Step 1: Convert units to SI $Q = -4.5 \times 10^{-6} \text{ C}$ $r = 0.12 \text{ m}$ $\varepsilon_0 = 8.85 \times 10^{-12} \text{ F m}^{-1}$

Step 2: State the equation $$E = \frac{Q}{4\pi\varepsilon_0 r^2}$$

Step 3: Substitute values $$E = \frac{4.5 \times 10^{-6}}{4 \times \pi \times 8.85 \times 10^{-12} \times (0.12)^2}$$ (Note: We use the magnitude of $Q$ for the calculation and determine direction separately.)

Step 4: Calculate $$E = \frac{4.5 \times 10^{-6}}{1.602 \times 10^{-12}}$$ $$E = 2.81 \times 10^6 \text{ N C}^{-1}$$

Step 5: Determine direction Since the charge is negative, the field acts radially inwards (towards the charge).

---

3.8 Worked Example 2: Point of Zero Field Strength (Neutral Point)
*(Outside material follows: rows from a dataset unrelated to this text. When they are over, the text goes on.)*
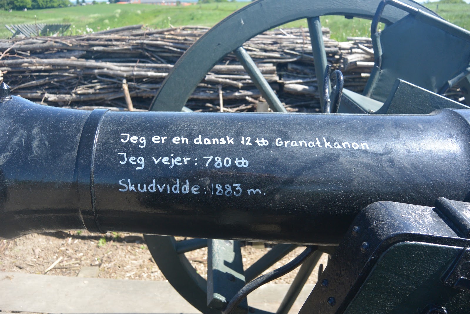 Af dagsprogrammet fremgik, at der var demonstration af 1864-krigens geværer kl. 10,45 og demonstration af kanon og kugler/granater kl. 11,30, så jeg havde tid nok til at se de 2 standardfilm der vises om slaget ved Dybbøl og om krigen som helhed og til at gå rundt og se på både den indendørs og den udendørs udstilling.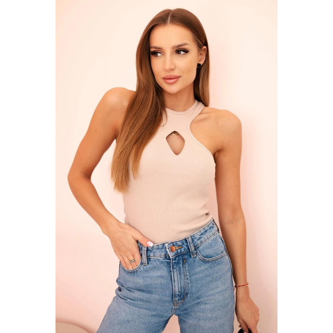 1 kép FiatalDivat Ujjatlan blúz kivágással és díszes csattal, 68906-os modell, bézs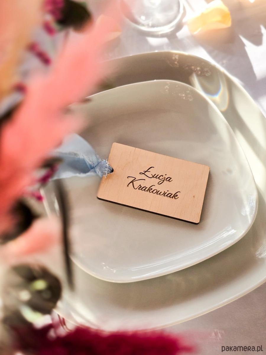 Drewniane winietki z grawerem to elegancki dodatek do dekoracji stołu na wesele, przyjęcie lub inną uroczystość. Pomagają w organizacji miejsc, a jednocześnie pięknie dopełniają aranżację stołu. Każda winietka posiada grawerowany napis według przesłanej listy gości (np. imię, imię i nazwisko, pseudonim, forma grzecznościowa).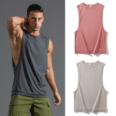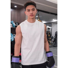 夏季新款纯棉无袖男重磅圆领运动背心健身跑步T恤宽松大码 砍袖男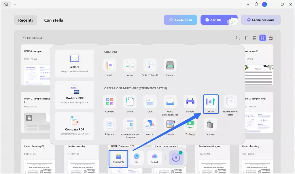 Passo 1. Vai su "Strumenti" nell'interfaccia di UPDF e scegli "Crea", aggiungendo tutti i file immagine che vuoi convertire in formato PDF.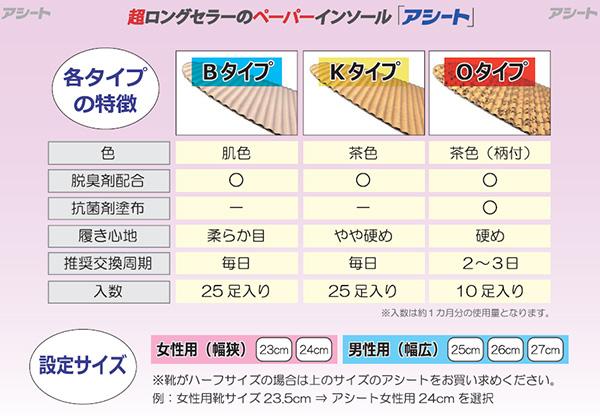 アシート ソフトタイプ Kタイプ 24cm 女性用(25足)[インソール 女性用]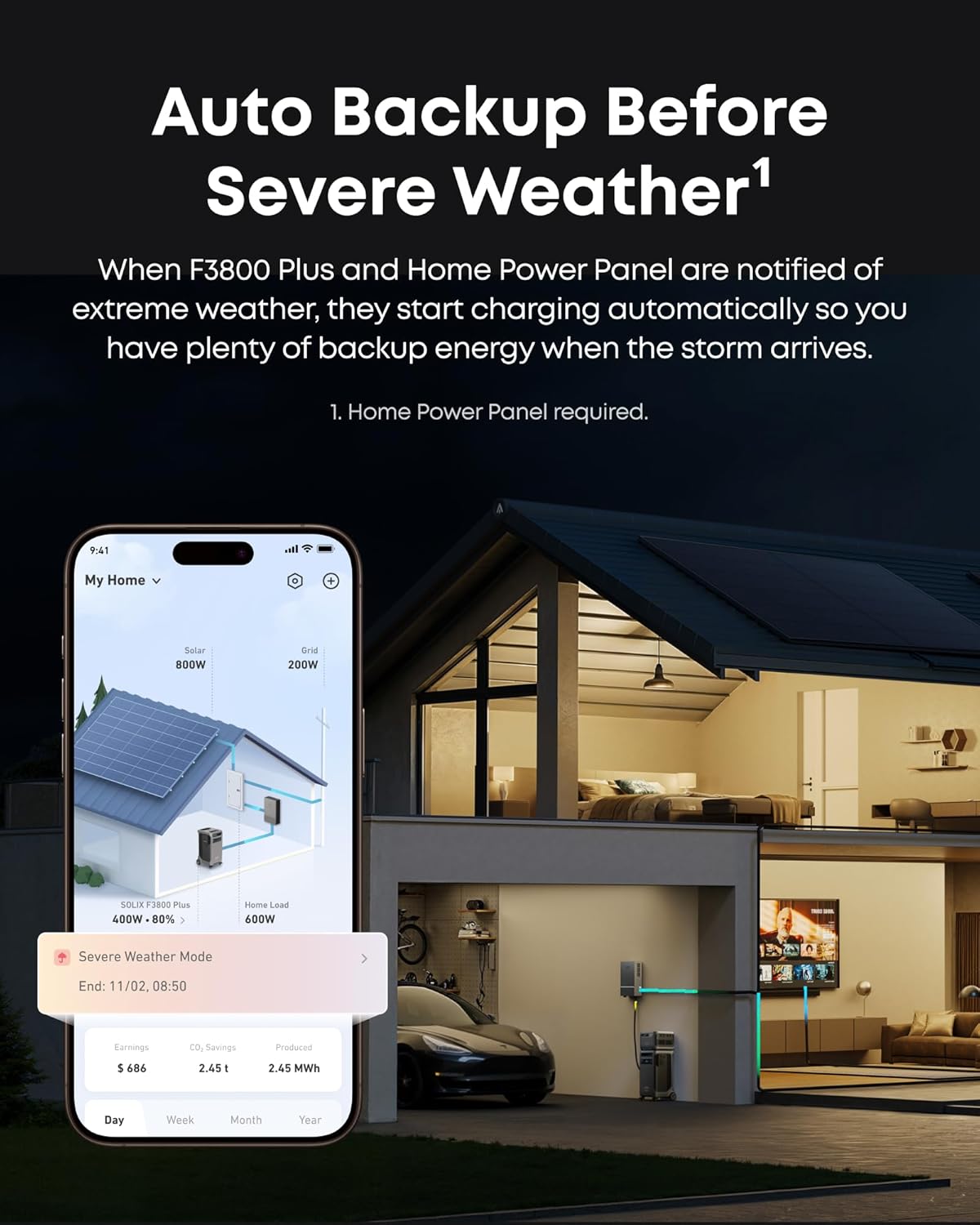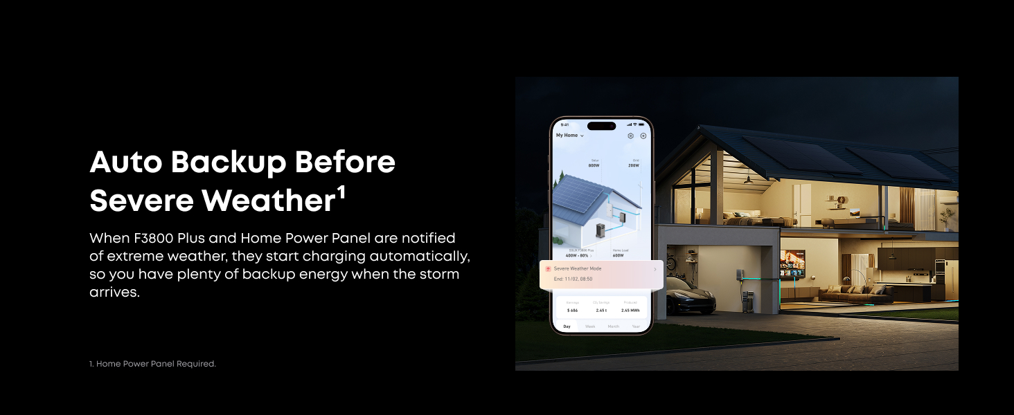 • Capacidad ampliada de 3.84kWh: F3800 Plus comienza con 3.84kWh, suficiente energía para su familia por un día. Si eso no es suficiente, agregue hasta 6 baterías para 26.9kWh. O agregue 12 baterías y otro F3800 durante semanas de energía.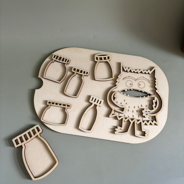 Dit houtenframe is gemaakt voor de trofastbak van ikea. In het thema van het kleurenmonster met potjes en een los potje incl.

Question: Two point charges $A$ and $B$ are separated by a distance of $15.0 \text{ cm}$ in a vacuum. Charge $A$ is $+2.0 \text{ nC}$ and charge $B$ is $+8.0 \text{ nC}$. Find the distance from charge $A$ where the resultant electric field strength is zero.

Step 1: Conceptualize For the net field to be zero, the fields from $A$ and $B$ must be equal in magnitude and opposite in direction. Since both are positive, this point must lie between them. Let $x$ be the distance from $A$. The distance from $B$ is $(0.15 - x)$.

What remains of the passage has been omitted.